When the line containing "A thousand-year-old ancient" appears in the entries below, begin printing there and stop after the line containing "今回の月間配信数の拡大は、月"; print each of those lines exactly and no other line.

> [Dataset records]:
--- START ---

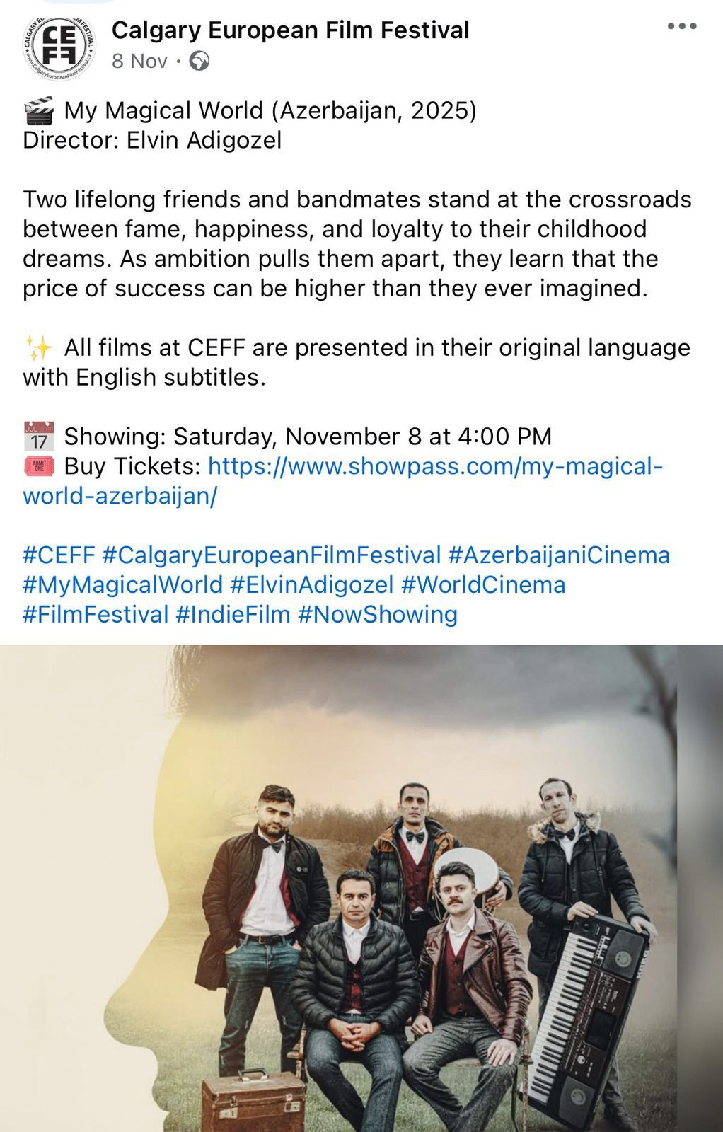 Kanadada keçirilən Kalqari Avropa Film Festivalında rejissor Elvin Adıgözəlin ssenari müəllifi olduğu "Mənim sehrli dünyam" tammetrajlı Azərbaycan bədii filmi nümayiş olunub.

--- END ---
--- START ---

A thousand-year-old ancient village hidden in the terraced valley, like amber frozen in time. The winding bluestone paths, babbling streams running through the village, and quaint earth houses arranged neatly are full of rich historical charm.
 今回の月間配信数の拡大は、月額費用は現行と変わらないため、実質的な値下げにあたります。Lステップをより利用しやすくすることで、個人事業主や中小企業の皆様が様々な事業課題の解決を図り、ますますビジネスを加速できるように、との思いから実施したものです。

--- END ---

> [Task response]:
A thousand-year-old ancient village hidden in the terraced valley, like amber frozen in time. The winding bluestone paths, babbling streams running through the village, and quaint earth houses arranged neatly are full of rich historical charm.
 今回の月間配信数の拡大は、月額費用は現行と変わらないため、実質的な値下げにあたります。Lステップをより利用しやすくすることで、個人事業主や中小企業の皆様が様々な事業課題の解決を図り、ますますビジネスを加速できるように、との思いから実施したものです。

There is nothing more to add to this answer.